2005

A imagem e o espetáculo

por Adauto Novaes

Durante breve período, o conceito de sociedade do espetáculo ocupou boa parte das reflexões sobre a cultura. De maneira apressada e superficial, era comum vermos associadas as ideias de espetáculo ao reino das imagens, em particular ao poder da televisão, mesmo depois de Guy Debord ter advertido, no clássico livro A sociedade do espetáculo, que o espetáculo vai muito além do show de imagens: “O espetáculo não é um conjunto de imagens, mas uma relação social entre pessoas, mediada por imagens”.[1] Assim, no mundo da mercadoria, o espetáculo torna-se sinônimo de cultura, o centro de significação de uma sociedade sem significação, ideologia materializada sobre a vida dos homens: depois de ter alienado os homens ao transformar seu “ser” em “ter” (fase da propriedade privada depois da industrialização), o espetáculo promove a passagem e a degradação do “ter” em “parecer”, sintetiza Frédéric Martel em seu comentário ao pensamento de Debord. O espetáculo torna-se, pois, o reino da mercadoria, reduzindo a cultura a seu mais alto grau de alienação, reino da passividade absoluta do indivíduo, “contemplação e empobrecimento da vida vivida”. O espetáculo é “o” que fala enquanto os “átomos sociais” escutam, instaurando, portanto, o mundo do “não vivido”.

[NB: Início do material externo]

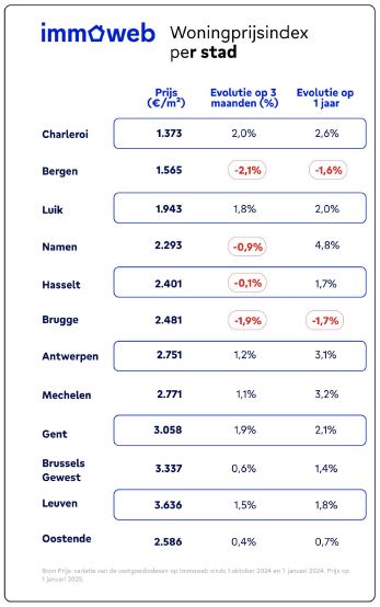 In 2024 waren er zeer contrasterende prijstrends tussen de grote Belgische steden. Om de prijzen en prijstrends in elke stad en gemeente in België te verkennen, raadpleeg je de interactieve prijskaart van Immoweb.
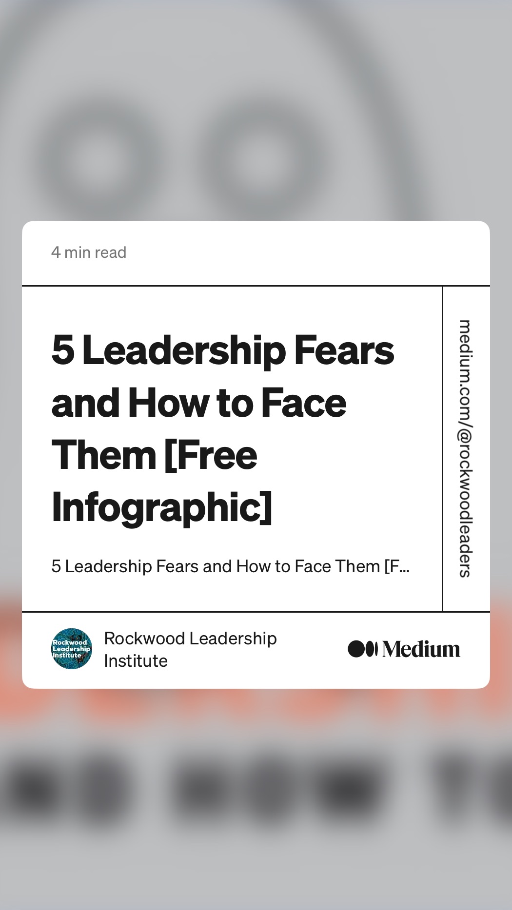 5 Leadership Fears and How to Face Them Sam worthwhile reading May 20, 2024May 20, 2024 1 Minute medium.com/leading-from-the-inside-out/5-leadership-fears-and-how-to-face-them-free-infographic-d85252d753d0 Share this: Share on X (Opens in new window) X Share on Facebook (Opens in new window) Facebook Like Loading... Related Published by Sam View all posts by Sam Published May 20, 2024May 20, 2024
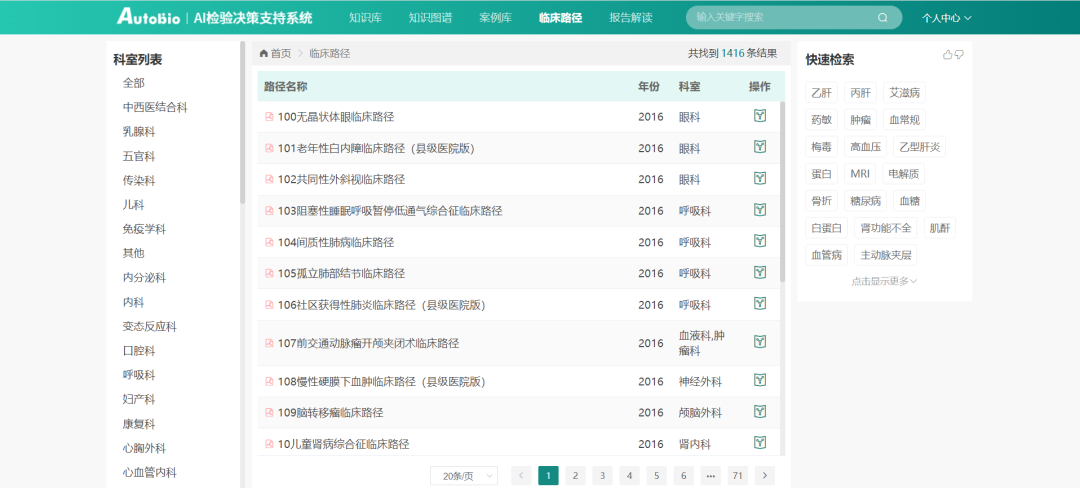 临床路径查询为临床提供了各类疾病的临床路径,有章可循,方便查找学习。
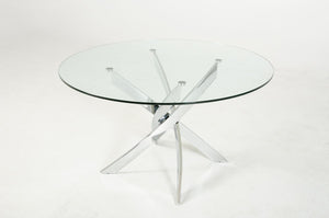 This modern dining table is a simple and sleek addition to your dining space. With the glass top, messes are easily cleanable and gives a hint of sophistication to your dining room. The round table is perfect for intimate gatherings with family and friends. With the overall neutral color, this dining table can easily be dressed up or down.

Qual é o estatuto da imagem na era da globalização e da informatização? A teoria política avançou pouco nesse terreno, mas Guy Debord deixou algumas observações que merecem reflexão: vivemos hoje, diz ele, o momento do espetacular integrado, fusão do espetacular concentrado das sociedades totalitárias com o espetacular dfuso dos países democráticos. O espetacular integrado introduz, por meio do espetáculo, uma ditadura muito mais presente, na medida em que ela se torna cada vez mais invisível, conclui Debord.

Imagem e espetáculo são, pois, objeto de reflexão desse novo ciclo de conferências.

O que é imagem? Como pensar a imagem das coisas e a imagem de nós mesmos?

O pensamento clássico nos diz que a imagem é o resultado da ação de causas externas sobre nosso corpo (coisas luminosas produzem em nós imagens visuais). Se não tivermos consciência das causas que produzem imagens e se soubermos claramente que a imagem jamais nos oferece a própria coisa imaginada tal como é, cairemos fatalmente nas ideias imaginativas definidas por Espinosa como “ideias inadequadas”, isto é, efeitos que são tomados como causa.

A imagem, hoje, tem sentido muito mais forte em nossa vida quotidiana. Em cinquenta anos de produção e reprodução de imagens de televisão no Brasil, período de um desenvolvimento técnico sem precedentes e sem exemplos na história, as formas da vida social — religião, costumes, princípios éticos e políticos — passaram a ser objeto de controvérsia e revisão. Aos poucos, a difusão universal de imagens foi sendo consumida pelas sociedades. Cenários e mitos artificiais e instáveis foram feitos e desfeitos com rapidez. A instantaneidade e a simultaneidade adquiriram novas dimensões: o mundo foi posto na ponta dos dedos. Mais: a “realidade virtual” imagina romper com a clássica cisão entre o natural e o artificial. Culturas convivem com tendências e pensamentos que se ignoravam, crenças incompatíveis foram postas lado a lado, e estéticas nunca pensadas são reveladas. Tudo isso mediado pelas imagens. Sucessivas descobertas de mundos jamais vistos antes foram apresentadas ao espectador comum, graças às imagens. Essa nova realidade pôs o próprio pensamento em crise. À diferença dos momentos anteriores, a imagem hoje se transformou na mercadoria por excelência, objeto de produção, circulação e consumo, realizando de forma fantástica o velho axioma: cria-se não apenas uma mercadoria para o sujeito, mas criam-se, também, sujeitos para a mercadoria. É este hoje o estatuto da imagem.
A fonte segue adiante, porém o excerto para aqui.